-- What needs to be done --
Without copying any picture, transcribe exactly the lines of the data below from the one containing "The award means" through the one containing "④、與W一起構(gòu)成單".

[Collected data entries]
- Opening Delimiter -
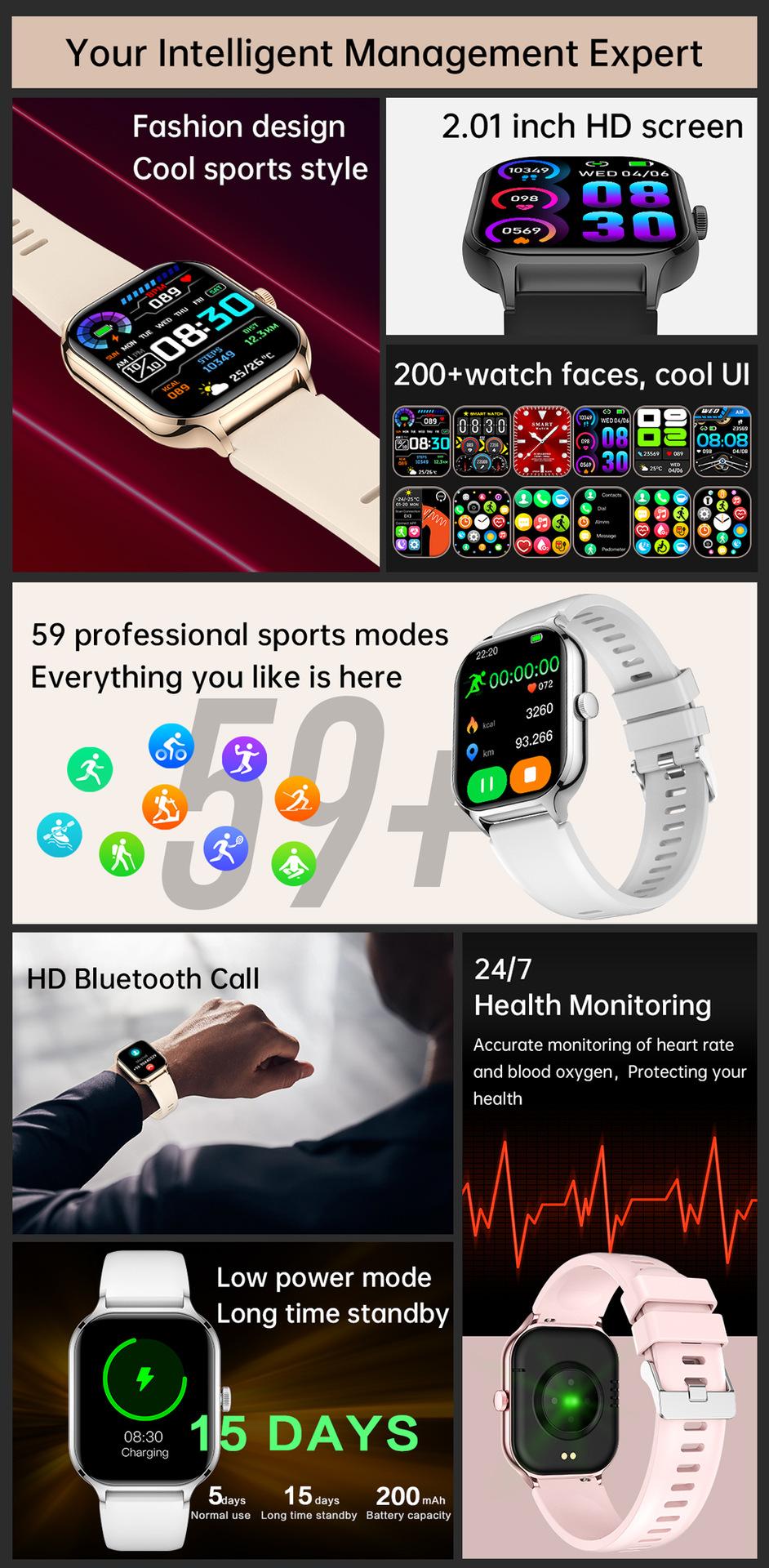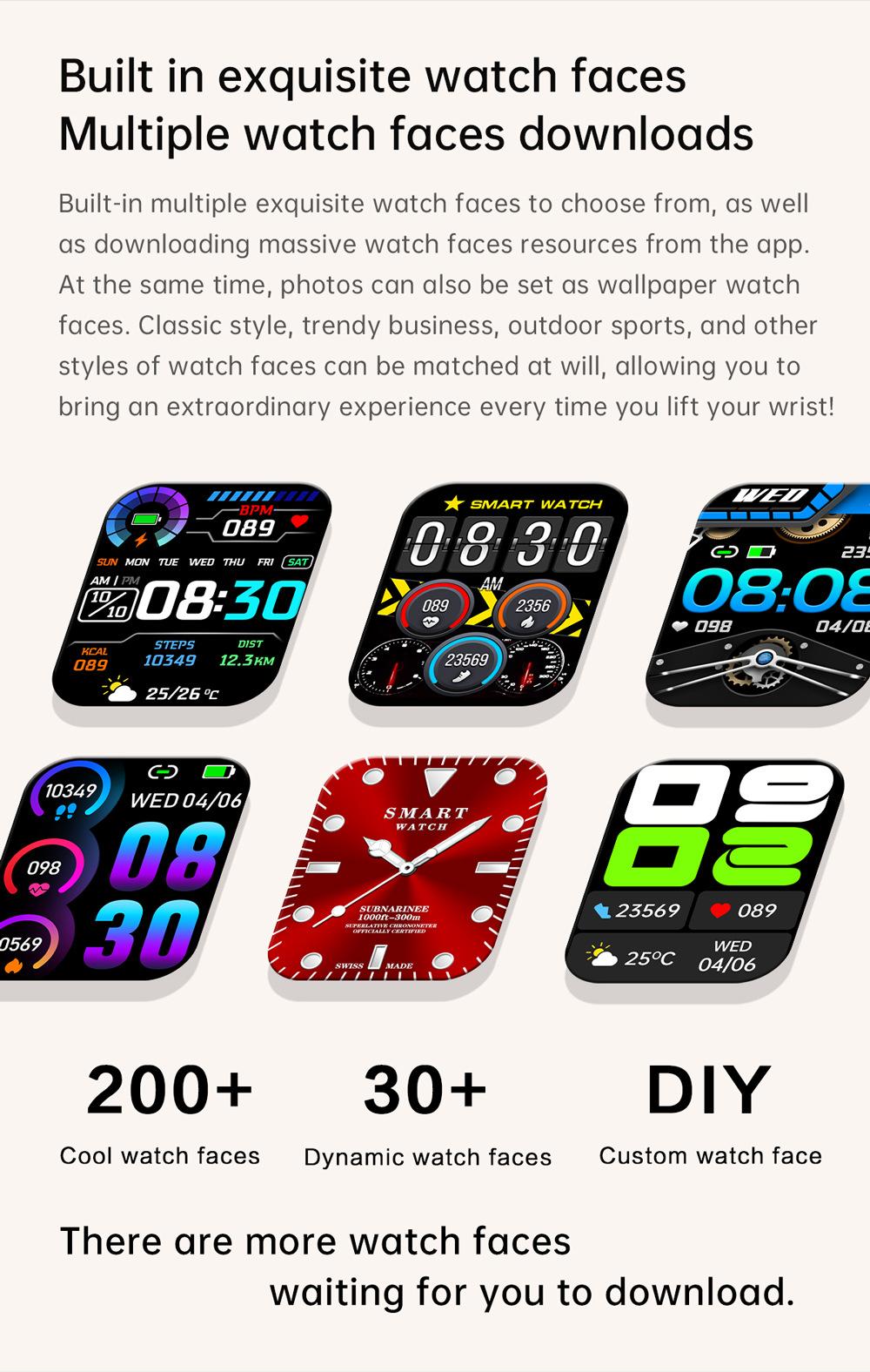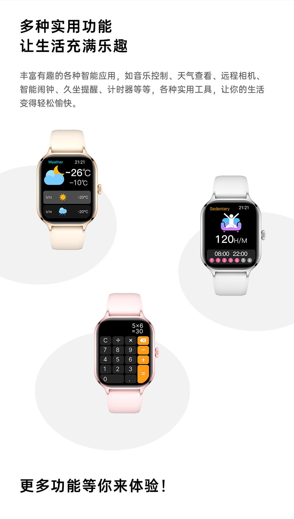 Step counting, Heart rate monitoring, Blood pressure measurement, Bluetooth call, Smart reminder, Remote contr...
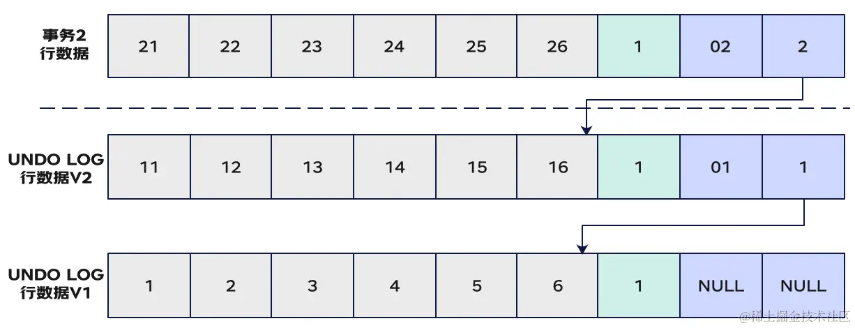 如果再有事务2操作,过程与事务 1 相同,此时 Undo log 中会有两行记录,并且通过回滚指针连在一起,通过当前记录的回滚指针回溯到该行创建时的初始内容,如下图所示,这里的undolog不会一直增加,purge thread在后面会进行undo page的回收,也就是清理undo log。
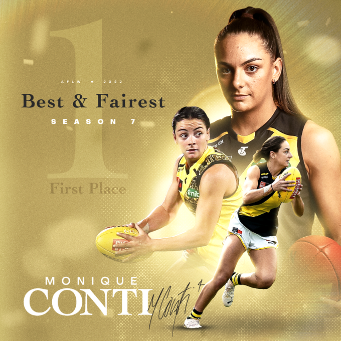 The award means Conti, 22, is now a five-time AFLW club best and fairest (four with Richmond, one Western Bulldogs), as well as a four-time All Australian, premiership player and best-on-ground in Grand Final winner.
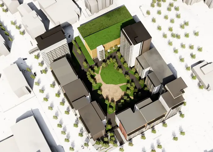 Luonnoskuva Lahden Paavolan uudesta korttelikokonaisuudesta ilmastapäin katsottuna Luonnoskuva uudesta korttelikokonaisuudesta ilmastapäin katsottuna
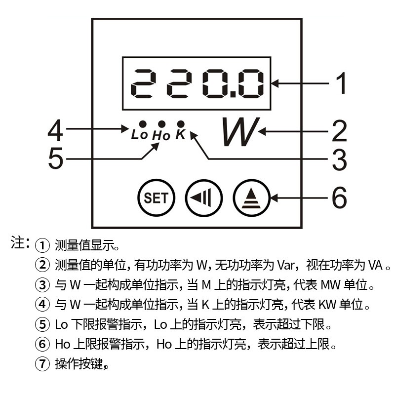 ④、與W一起構(gòu)成單位指示,當(dāng)K上的指示燈亮,代表KW單位。
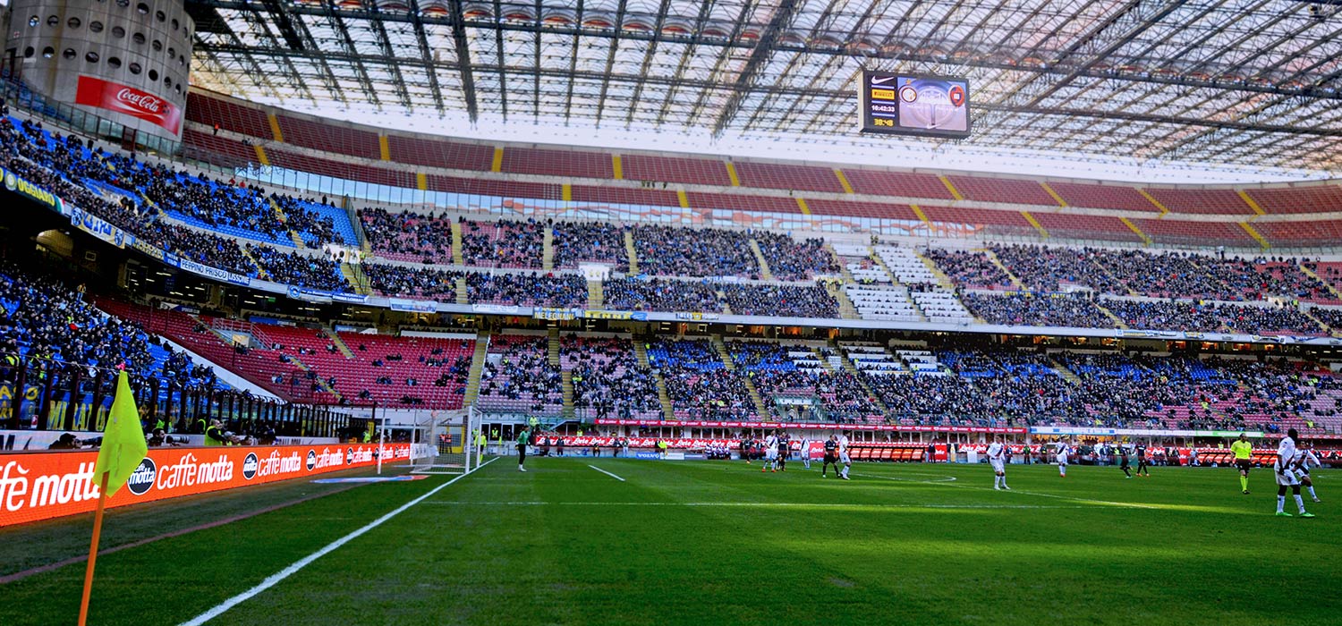 La primera parada obligatoria no es otra que el estadio de San Siro, también conocido como Giuseppe Meazza, dependiendo de quién juegue esa noche. Y es que la ciudad de Milán posee una anomalía destacable: sus dos grandes equipos comparten el mismo estadio. El estadio fue inaugurado en 1926, precisamente con un partido entre el A.C. Milan y el FC Internazionale, el llamado Derby della Madonnina, un duelo fraticida que todos los años parte la ciudad en dos. Grandes jugadores como Ronaldo, Ibrahimovic, Baggio o el propio Giuseppe Meazza conocen bien las dos caras del derby, ya que todos ellos militaron en ambos equipos.
- Closing Delimiter -
-- Exercise answer --
 The award means Conti, 22, is now a five-time AFLW club best and fairest (four with Richmond, one Western Bulldogs), as well as a four-time All Australian, premiership player and best-on-ground in Grand Final winner.
 Luonnoskuva Lahden Paavolan uudesta korttelikokonaisuudesta ilmastapäin katsottuna Luonnoskuva uudesta korttelikokonaisuudesta ilmastapäin katsottuna
 ④、與W一起構(gòu)成單位指示,當(dāng)K上的指示燈亮,代表KW單位。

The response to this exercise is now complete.